* **What is expected**:
All lines below starting at the one that holds "- Piké 20720890" and ending at the one that holds "Nowadays, nuclear power" should be printed exactly, ends included. Pictures should not be printed, nor anything else.

======== Exercise materials ========

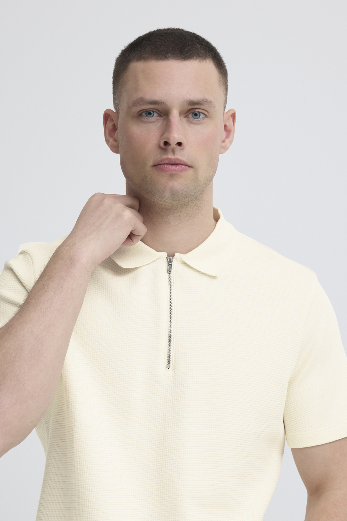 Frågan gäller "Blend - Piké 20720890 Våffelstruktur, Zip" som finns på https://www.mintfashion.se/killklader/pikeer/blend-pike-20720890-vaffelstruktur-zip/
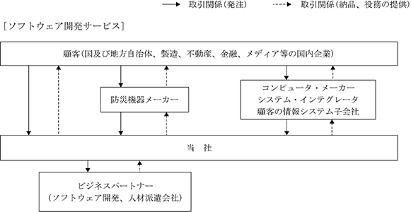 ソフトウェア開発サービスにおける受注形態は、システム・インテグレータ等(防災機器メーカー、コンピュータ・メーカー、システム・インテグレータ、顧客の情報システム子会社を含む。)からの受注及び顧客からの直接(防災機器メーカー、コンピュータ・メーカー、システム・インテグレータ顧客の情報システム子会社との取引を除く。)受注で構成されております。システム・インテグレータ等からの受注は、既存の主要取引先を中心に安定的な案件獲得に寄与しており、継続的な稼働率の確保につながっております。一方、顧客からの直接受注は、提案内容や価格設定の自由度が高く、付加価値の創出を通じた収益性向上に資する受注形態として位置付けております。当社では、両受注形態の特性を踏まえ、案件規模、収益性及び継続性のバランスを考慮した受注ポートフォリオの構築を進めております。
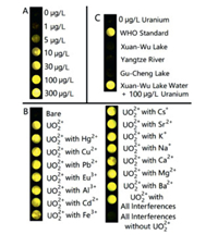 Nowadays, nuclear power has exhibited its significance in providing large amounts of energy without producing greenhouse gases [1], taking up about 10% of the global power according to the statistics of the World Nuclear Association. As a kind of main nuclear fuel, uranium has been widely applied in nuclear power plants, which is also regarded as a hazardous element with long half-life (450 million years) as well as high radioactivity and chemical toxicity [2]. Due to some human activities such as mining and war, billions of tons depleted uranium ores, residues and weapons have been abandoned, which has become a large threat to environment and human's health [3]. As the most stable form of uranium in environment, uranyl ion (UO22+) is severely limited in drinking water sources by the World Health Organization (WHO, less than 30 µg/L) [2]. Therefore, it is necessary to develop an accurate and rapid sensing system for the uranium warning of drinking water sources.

========
======== Exercise materials ========

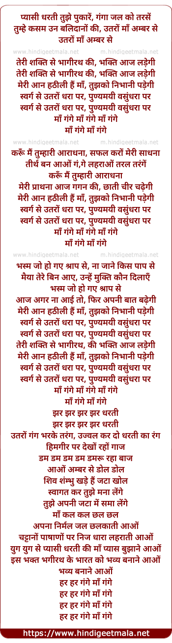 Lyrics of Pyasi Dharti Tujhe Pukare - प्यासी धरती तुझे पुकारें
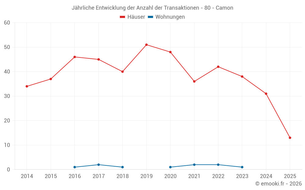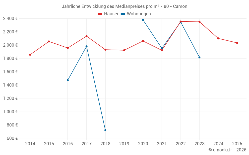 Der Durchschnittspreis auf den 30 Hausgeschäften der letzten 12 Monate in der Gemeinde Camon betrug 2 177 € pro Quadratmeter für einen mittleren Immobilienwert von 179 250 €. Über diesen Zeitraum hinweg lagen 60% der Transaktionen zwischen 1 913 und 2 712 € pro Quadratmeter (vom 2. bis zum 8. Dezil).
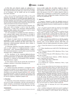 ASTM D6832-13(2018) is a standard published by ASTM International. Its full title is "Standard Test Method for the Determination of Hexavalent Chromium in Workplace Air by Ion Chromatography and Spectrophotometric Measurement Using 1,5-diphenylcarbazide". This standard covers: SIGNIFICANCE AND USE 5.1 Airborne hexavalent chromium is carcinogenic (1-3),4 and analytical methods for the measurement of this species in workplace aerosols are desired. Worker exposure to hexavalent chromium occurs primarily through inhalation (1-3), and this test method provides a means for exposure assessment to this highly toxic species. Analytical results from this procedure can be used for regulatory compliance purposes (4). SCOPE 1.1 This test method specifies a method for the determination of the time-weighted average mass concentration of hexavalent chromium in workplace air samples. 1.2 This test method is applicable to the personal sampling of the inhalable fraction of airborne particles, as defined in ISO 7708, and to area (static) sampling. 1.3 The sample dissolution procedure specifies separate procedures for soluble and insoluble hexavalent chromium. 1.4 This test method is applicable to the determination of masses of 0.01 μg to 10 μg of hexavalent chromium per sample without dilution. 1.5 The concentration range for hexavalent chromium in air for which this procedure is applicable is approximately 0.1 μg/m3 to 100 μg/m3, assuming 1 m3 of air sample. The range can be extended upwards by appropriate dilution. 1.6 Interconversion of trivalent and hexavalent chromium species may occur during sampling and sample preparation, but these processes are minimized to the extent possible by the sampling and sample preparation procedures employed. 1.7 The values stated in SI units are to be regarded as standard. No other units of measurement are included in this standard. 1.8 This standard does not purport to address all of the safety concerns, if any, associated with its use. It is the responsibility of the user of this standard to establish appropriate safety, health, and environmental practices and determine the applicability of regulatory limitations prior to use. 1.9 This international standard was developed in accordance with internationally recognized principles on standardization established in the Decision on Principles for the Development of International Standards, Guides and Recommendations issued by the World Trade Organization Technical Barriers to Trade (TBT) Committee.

========

* **Finished exercise**:
 Frågan gäller "Blend - Piké 20720890 Våffelstruktur, Zip" som finns på https://www.mintfashion.se/killklader/pikeer/blend-pike-20720890-vaffelstruktur-zip/
 ソフトウェア開発サービスにおける受注形態は、システム・インテグレータ等(防災機器メーカー、コンピュータ・メーカー、システム・インテグレータ、顧客の情報システム子会社を含む。)からの受注及び顧客からの直接(防災機器メーカー、コンピュータ・メーカー、システム・インテグレータ顧客の情報システム子会社との取引を除く。)受注で構成されております。システム・インテグレータ等からの受注は、既存の主要取引先を中心に安定的な案件獲得に寄与しており、継続的な稼働率の確保につながっております。一方、顧客からの直接受注は、提案内容や価格設定の自由度が高く、付加価値の創出を通じた収益性向上に資する受注形態として位置付けております。当社では、両受注形態の特性を踏まえ、案件規模、収益性及び継続性のバランスを考慮した受注ポートフォリオの構築を進めております。
 Nowadays, nuclear power has exhibited its significance in providing large amounts of energy without producing greenhouse gases [1], taking up about 10% of the global power according to the statistics of the World Nuclear Association. As a kind of main nuclear fuel, uranium has been widely applied in nuclear power plants, which is also regarded as a hazardous element with long half-life (450 million years) as well as high radioactivity and chemical toxicity [2]. Due to some human activities such as mining and war, billions of tons depleted uranium ores, residues and weapons have been abandoned, which has become a large threat to environment and human's health [3]. As the most stable form of uranium in environment, uranyl ion (UO22+) is severely limited in drinking water sources by the World Health Organization (WHO, less than 30 µg/L) [2]. Therefore, it is necessary to develop an accurate and rapid sensing system for the uranium warning of drinking water sources.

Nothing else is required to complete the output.